[Task directions] The full set of entries below, restated word for word and stripped of images, is the expected result.

[Records from a dataset]
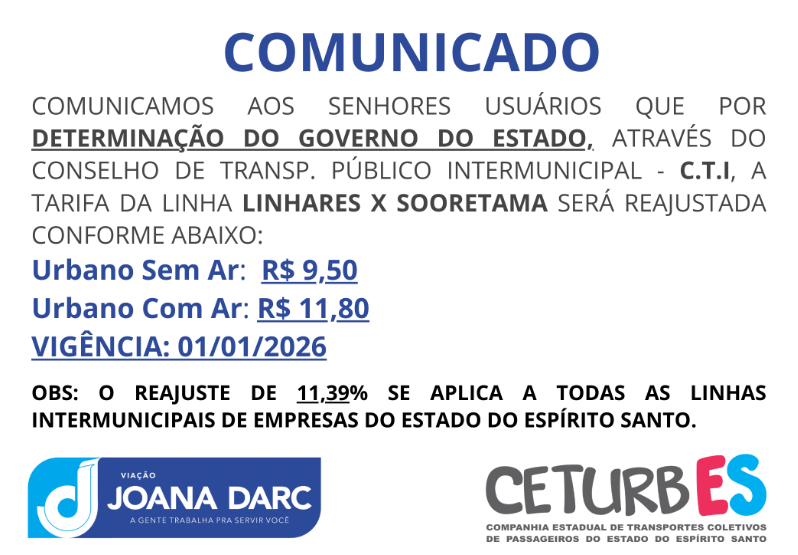 Mais uma vez o valor da passagem de ônibus coletivo vai receber reajuste e vai mexer com o bolso de quem usa a linha de ônibus Linhares-Sooretama. O valor da passagem será reajustado em 11,39%. Com isso, a passagem no coletivo urbano sem ar, conforme o comunicado, vai para R$ 9,50 e com ar para R$ 11,80. Os novos valores valem a partir desta quinta-feira, 1º de janeiro de 2026. Confira a íntegra o comunicado:
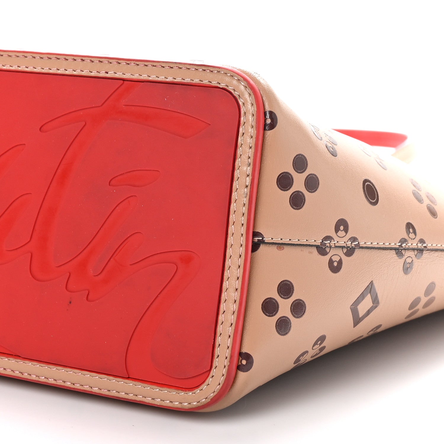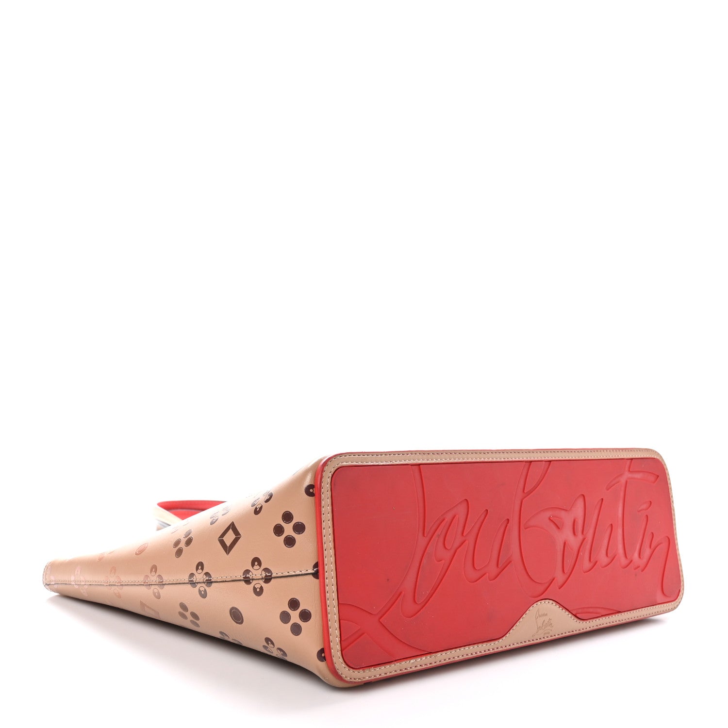 This is an authentic CHRISTIAN LOUBOUTIN Calfskin Patent Degrade Loubinthesky East West Cabata Tote in Nude. This chic tote is crafted of smooth leather with gradient brown printed logos. It features leather strap handles with silver studs accents and an embossed logo script across the base. The top is open to a red leather interior with a matching removable pouch.Follow this item for alerts. Christian Louboutin is a registered trademark of Christian Louboutin. FASHIONPHILE is not affiliated with Christian Louboutin.
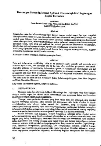 Ketersedian data dan informasi yang dapat diakses dengan mudah, cepat dan tepat sangatlah diharapkan oleh semua user, dan merupakan salah satu cara untuk mengsosialisasikan hasil dan produk yang didapat. Guna tersedianya sistem informasi aplikasi klimatologi dan lingkungan untuk sektor pertanian, telah dibuat rancangan sistem informasi menggunakan konsep rekayasa perangkat lunak, yaitu studi dan aplikasi dari sebuah pendekatan-pendekatan 'cuantifiable', disiplin dan sistimatis pengembangan, operasi dan pemeliharaan perangkat lunak. Hasil yang diperoleh adalah dalam bentuk kamus data, diagram hubungan entitas, diagram aliran data dan diagram transisi keadaan sistem.
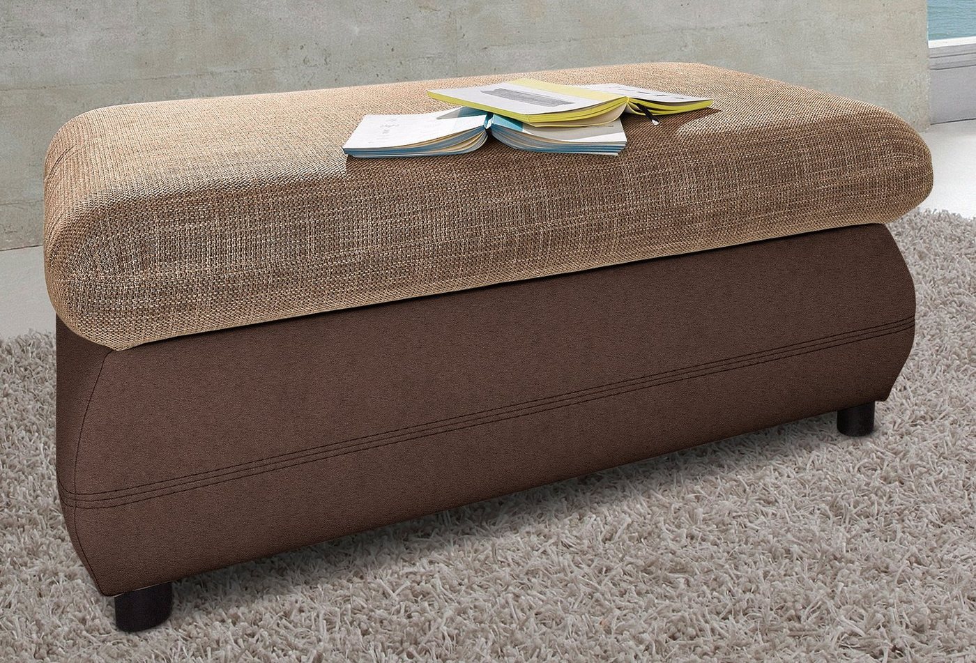 Zweifaches Platzangebot: Der trendige Hocker mit der komfortablen Wellenunterfederung und der atmungsaktiven Polyätherschaum-Polsterung lädt nicht nur zum Ausruhen ein, unter der bequemen Sitzfläche verbirgt sich auch viel praktischer Stauraum, um beispielsweise Wolldecken oder Kissen dort aufzubewahren. Der hohe Sitzkomfort wird auch durch das stabile Holzuntergestell unterstützt. Die gemütliche Sitzfläche ist mit dekorativem Strukturstoff bezogen, der sich sowohl farblich als auch in seiner Beschaffenheit von der Unterkonstruktion absetzt. Dieser moderne Materialmix kann jeder Sofaecke im Wohnzimmer besonderen Charme verleihen. Aber auch im Eingangs- oder Schlafbereich lässt sich der zeitlos schöne und hochwertig verarbeitete Sitzhocker frei im Raum positionieren und individuell mit anderen Einrichtungsstücken kombinieren. Dezente Details wie die schlichten Füße aus Kunststoff oder zarte Ziernähte runden das stilvolle Design ab. Das formschöne wie funktionale Polstermöbel ist in verschiedenen Bezugsqualitäten und Farbkombinationen erhältlich. Ob vor dem Fernsehsessel oder in einer Ecke der Diele: Der trendig gestaltete Hocker setzt einzelne Möbel genauso wie die entsprechenden Zimmer edel in Szene.
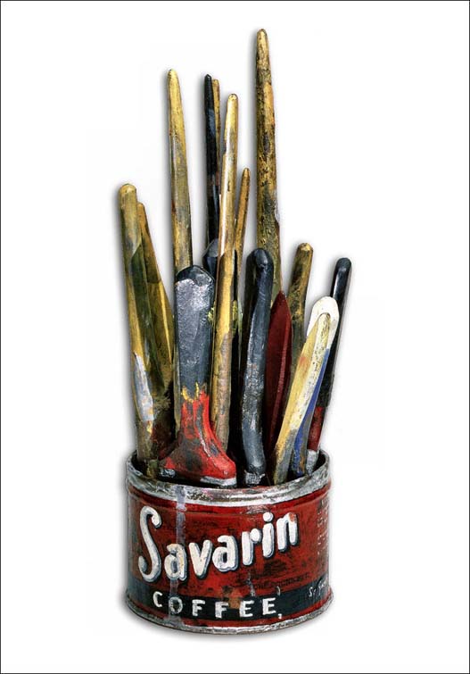 More recently, Jasper Johns made a sculpture of his own brushes in a can and Damien Hirst has sealed an entire studio in a vitrine.
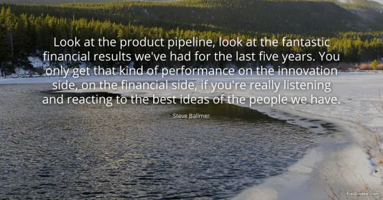 Ballmer, Steve. "Look at the product pipeline, look at the fantastic financial results we've had for the last five years. You only get that kind of performance on the innovation side, on the financial side, if you're really listening and reacting to the best ideas of the people we have." FixQuotes. January 16, 2026. https://fixquotes.com/quotes/look-at-the-product-pipeline-look-at-the-106878/.
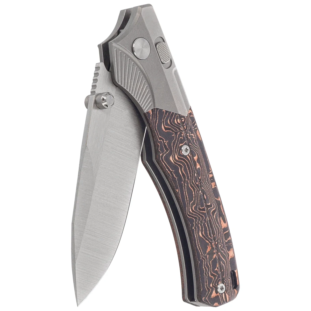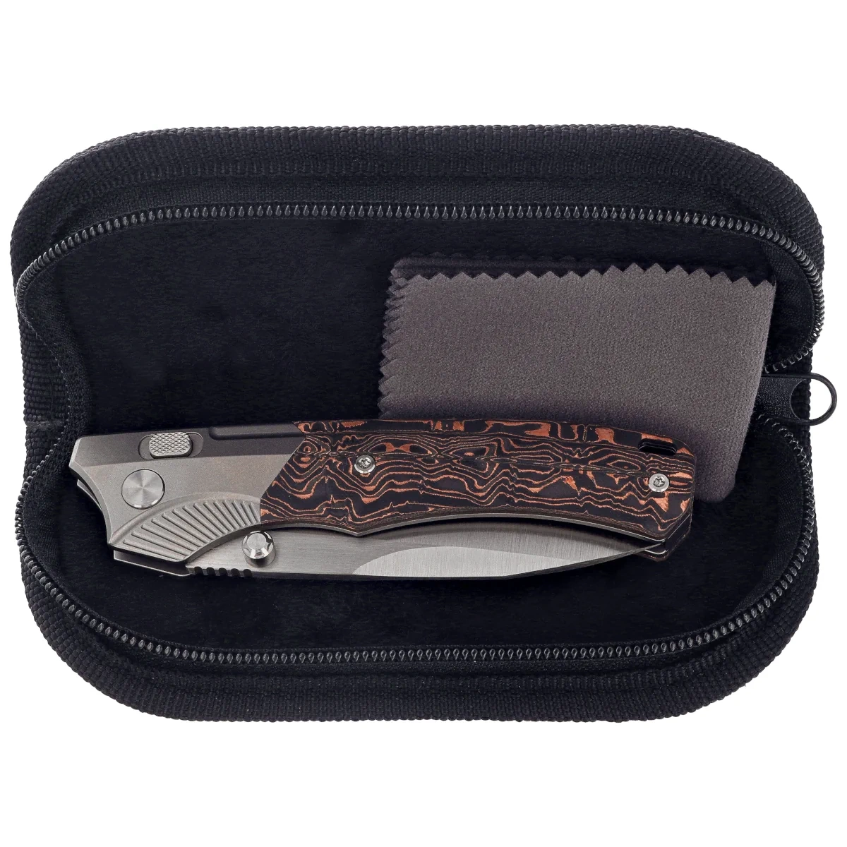 Handle - made of 6AL4V titanium , also coated with black DLC. Chamfered edges of the covers eliminate sharp edges. The grips are screwed to a solid titanium backspacer, ensuring that the desired rigidity of the entire structure is maintained. On the left side, a wide Button Lock button, placed in a recess to avoid accidental opening. A single-position (right) titanium deep-carry clip allows you to carry the knife discreetly in your pocket in tip-up position (blade tip up). Above the clip is a hole (Lanyard hole) for threading a safety or decorative cord.
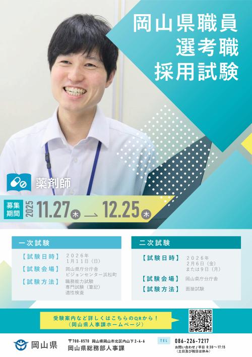岡山県職員選考職(薬剤師)採用試験を実施します!
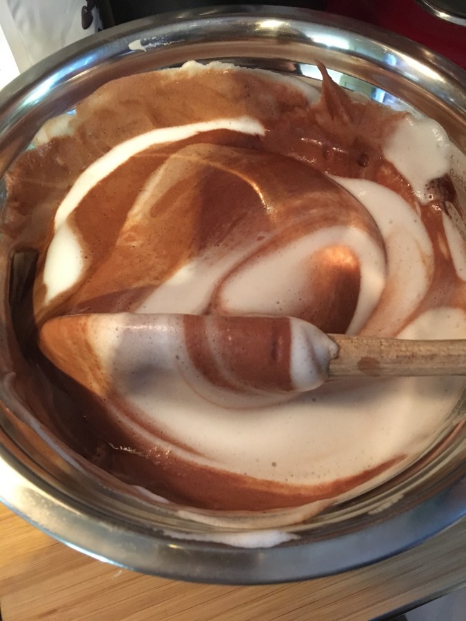– Une fois le chocolat détendu, incorporez cuillère par cuillère votre aquafaba, à la cuillère en bois ou à la maryse, tranquillement, sans casser votre blanc.
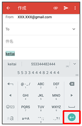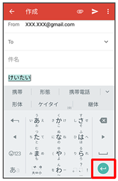 - 改行入力(文字入力中は、文字確定/ロングタッチで、入力欄移動/絵文字入力)

[Completed exercise]
 Mais uma vez o valor da passagem de ônibus coletivo vai receber reajuste e vai mexer com o bolso de quem usa a linha de ônibus Linhares-Sooretama. O valor da passagem será reajustado em 11,39%. Com isso, a passagem no coletivo urbano sem ar, conforme o comunicado, vai para R$ 9,50 e com ar para R$ 11,80. Os novos valores valem a partir desta quinta-feira, 1º de janeiro de 2026. Confira a íntegra o comunicado:
 This is an authentic CHRISTIAN LOUBOUTIN Calfskin Patent Degrade Loubinthesky East West Cabata Tote in Nude. This chic tote is crafted of smooth leather with gradient brown printed logos. It features leather strap handles with silver studs accents and an embossed logo script across the base. The top is open to a red leather interior with a matching removable pouch.Follow this item for alerts. Christian Louboutin is a registered trademark of Christian Louboutin. FASHIONPHILE is not affiliated with Christian Louboutin.
 Ketersedian data dan informasi yang dapat diakses dengan mudah, cepat dan tepat sangatlah diharapkan oleh semua user, dan merupakan salah satu cara untuk mengsosialisasikan hasil dan produk yang didapat. Guna tersedianya sistem informasi aplikasi klimatologi dan lingkungan untuk sektor pertanian, telah dibuat rancangan sistem informasi menggunakan konsep rekayasa perangkat lunak, yaitu studi dan aplikasi dari sebuah pendekatan-pendekatan 'cuantifiable', disiplin dan sistimatis pengembangan, operasi dan pemeliharaan perangkat lunak. Hasil yang diperoleh adalah dalam bentuk kamus data, diagram hubungan entitas, diagram aliran data dan diagram transisi keadaan sistem.
 Zweifaches Platzangebot: Der trendige Hocker mit der komfortablen Wellenunterfederung und der atmungsaktiven Polyätherschaum-Polsterung lädt nicht nur zum Ausruhen ein, unter der bequemen Sitzfläche verbirgt sich auch viel praktischer Stauraum, um beispielsweise Wolldecken oder Kissen dort aufzubewahren. Der hohe Sitzkomfort wird auch durch das stabile Holzuntergestell unterstützt. Die gemütliche Sitzfläche ist mit dekorativem Strukturstoff bezogen, der sich sowohl farblich als auch in seiner Beschaffenheit von der Unterkonstruktion absetzt. Dieser moderne Materialmix kann jeder Sofaecke im Wohnzimmer besonderen Charme verleihen. Aber auch im Eingangs- oder Schlafbereich lässt sich der zeitlos schöne und hochwertig verarbeitete Sitzhocker frei im Raum positionieren und individuell mit anderen Einrichtungsstücken kombinieren. Dezente Details wie die schlichten Füße aus Kunststoff oder zarte Ziernähte runden das stilvolle Design ab. Das formschöne wie funktionale Polstermöbel ist in verschiedenen Bezugsqualitäten und Farbkombinationen erhältlich. Ob vor dem Fernsehsessel oder in einer Ecke der Diele: Der trendig gestaltete Hocker setzt einzelne Möbel genauso wie die entsprechenden Zimmer edel in Szene.
 More recently, Jasper Johns made a sculpture of his own brushes in a can and Damien Hirst has sealed an entire studio in a vitrine.
 Ballmer, Steve. "Look at the product pipeline, look at the fantastic financial results we've had for the last five years. You only get that kind of performance on the innovation side, on the financial side, if you're really listening and reacting to the best ideas of the people we have." FixQuotes. January 16, 2026. https://fixquotes.com/quotes/look-at-the-product-pipeline-look-at-the-106878/.
 Handle - made of 6AL4V titanium , also coated with black DLC. Chamfered edges of the covers eliminate sharp edges. The grips are screwed to a solid titanium backspacer, ensuring that the desired rigidity of the entire structure is maintained. On the left side, a wide Button Lock button, placed in a recess to avoid accidental opening. A single-position (right) titanium deep-carry clip allows you to carry the knife discreetly in your pocket in tip-up position (blade tip up). Above the clip is a hole (Lanyard hole) for threading a safety or decorative cord.
岡山県職員選考職(薬剤師)採用試験を実施します!
– Une fois le chocolat détendu, incorporez cuillère par cuillère votre aquafaba, à la cuillère en bois ou à la maryse, tranquillement, sans casser votre blanc.
 - 改行入力(文字入力中は、文字確定/ロングタッチで、入力欄移動/絵文字入力)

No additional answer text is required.